Monitoring
Need production observability? Use Logger, Telemetry, and metrics for comprehensive monitoring.
Prerequisites
- Production Elixir application
- Understanding of processes and supervision
- Completed Advanced Tutorial
Problem
Production applications need visibility into performance, errors, resource usage, and business metrics.
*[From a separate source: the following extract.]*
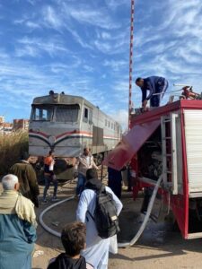 بعد توقف حركة القطار ما يقرب من ٣ ساعات بسبب نشوب حريق هائل في القطار رقم “537” خط (طنطا- القاهرة) أثناء توقفه بمحطة قطارات منوف في محافظة المنوفية في تمام الثامنة والنصف صباح اليوم الأحد.

You need structured logging for debugging, real-time metrics for monitoring, and telemetry for understanding system behavior without impacting performance.
Challenges:
- Collecting metrics without performance degradation
- Correlating logs across distributed processes
- Monitoring system health in real-time
- Tracking business metrics and SLAs
- Debugging production issues without access to the machine
Solution
Use Telemetry for instrumentation, Logger for structured logging, and external services (Prometheus, Datadog, New Relic) for aggregation and visualization.
How It Works
1. Structured Logging with Logger
Basic logging:
require Logger
defmodule MyApp.UserService do
def create_user(params) do
Logger.info("Creating user", params: sanitize(params))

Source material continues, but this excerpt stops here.